就馬克思確實在他自己和達爾文的著作中看到相似之處而言,它們都是一種更為鬆散和相對普遍的理論,這可以從1973年版的《資本論》序言中得到最好的說明。在此,馬克思讚同地引用了這樣的觀點,即“經濟生活呈現出的現象和生物學的其他領域的發展史頗相類似……”“各種社會有機體像動植物有機體一樣,彼此根本不同……”①換句話說,馬克思看到了曆史上的社會以一種廣泛的進化方式依次更替,就像達爾文所發現的動物與植物物種的進化一樣。他同樣認為所有這樣的人類社會存在某些共同點——他稱之為“物質生活的生產方式”,對人類而言,借助和依賴自然界進行勞動以確保他們的基本生存是一種必然性,這種勞動的“方式”(形式或方法)對於在人類進化特定點上出現的社會類型有著重要的影響。
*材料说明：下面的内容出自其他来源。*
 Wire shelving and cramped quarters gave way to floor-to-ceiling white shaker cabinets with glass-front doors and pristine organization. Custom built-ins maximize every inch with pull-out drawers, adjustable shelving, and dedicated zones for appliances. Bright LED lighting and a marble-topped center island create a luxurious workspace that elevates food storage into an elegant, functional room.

但是,正如恩格斯明確指出的,由於人類“生產”是一個有意識的過程而“動物至多隻是采集”,簡單地把動物社會的規律轉化到人類社會中是不可能的。因此,1973年序言指出統治人類社會的規律不僅非常不同於統治動物界的規律(即與“生存鬥爭”和“適者生存”等沒有任何關係),而且每一種人類社會都不相同。科琴認為,這點是非常明確的,因為對馬克思和恩格斯來說,區分這些社會的首要方式就是通過區分其中占統治地位的生產方式。馬克思同樣表示了一種明顯的喜好,即借助生物學的類比和隱喻去描述和分析人類社會,但是這種傾向在19世紀許多從事思辨的和純理論的說服的作家當中是很常見的,它究竟能夠在多大程度上反映出達爾文的影響還是不清楚的。
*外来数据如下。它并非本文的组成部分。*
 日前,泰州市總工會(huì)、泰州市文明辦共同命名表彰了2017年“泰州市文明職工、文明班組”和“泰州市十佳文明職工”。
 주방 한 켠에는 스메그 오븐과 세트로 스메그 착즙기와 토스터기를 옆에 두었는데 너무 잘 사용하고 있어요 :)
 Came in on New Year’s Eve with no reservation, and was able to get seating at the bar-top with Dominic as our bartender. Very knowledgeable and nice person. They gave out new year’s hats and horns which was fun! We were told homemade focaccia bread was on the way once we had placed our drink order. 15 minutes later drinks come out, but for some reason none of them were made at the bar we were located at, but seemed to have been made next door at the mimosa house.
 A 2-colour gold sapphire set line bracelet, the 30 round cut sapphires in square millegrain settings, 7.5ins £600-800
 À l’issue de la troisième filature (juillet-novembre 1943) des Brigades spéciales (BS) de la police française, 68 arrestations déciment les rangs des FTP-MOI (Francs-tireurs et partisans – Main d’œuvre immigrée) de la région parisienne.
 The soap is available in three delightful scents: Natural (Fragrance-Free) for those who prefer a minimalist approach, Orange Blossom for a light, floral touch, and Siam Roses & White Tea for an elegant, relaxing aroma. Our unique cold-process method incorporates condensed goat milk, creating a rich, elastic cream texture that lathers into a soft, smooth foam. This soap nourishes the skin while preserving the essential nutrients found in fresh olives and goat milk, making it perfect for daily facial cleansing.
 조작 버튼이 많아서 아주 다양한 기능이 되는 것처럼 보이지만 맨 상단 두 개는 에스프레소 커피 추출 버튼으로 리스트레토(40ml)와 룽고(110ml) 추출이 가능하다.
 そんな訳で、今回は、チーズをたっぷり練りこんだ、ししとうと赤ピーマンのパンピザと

然而,通過所有這些而顯露出來的,是馬克思和恩格斯都沒有對他們自己的事業與自然科學的事業作出有力的或者質的區分。相反,對他們而言,“政治經濟學”至少是一門與其他自然科學一樣的科學。這可以通過他們非常樂意對政治經濟學與其他科學進行比較上看出來,特別是與生物學進行比較,即使這種比較注定會顯示出區別和相同之處。
科琴認為,不論馬克思還是恩格斯都不屬於那個思想派別——它想要在“社會科學”和“自然科學”的方法與目標之間作出質的區分。對他們來說,對人類社會的研究,或者至少對人類社會的經濟“規律”的研究,是自然科學的一部分,盡管它有自己的方法、理論和分析工具。本書第一章已經從政治層麵和心理層麵分析了馬克思和恩格斯為何作出這樣的類比的原因,此處就不再贅述了。這裏隻想強調,這意味著馬克思認為在《資本論》中進行的對資本主義社會的“科學調查”的“結果”是正確的,“絕對地”或“科學地”正確,無論誰都會認為其是正確的,實際上即使沒人相信也依然是正確的。如果向馬克思表明《資本論》從勞動階級的觀點或者無產階級立場看是正確的,而從資產階級的立場看則不是,對馬克思而言將是一種侮辱,這就好比向達爾文表明他的進化理論從生物學的觀點看是正確的而從宗教學的觀點看則不是,這對達爾文也是一種侮辱。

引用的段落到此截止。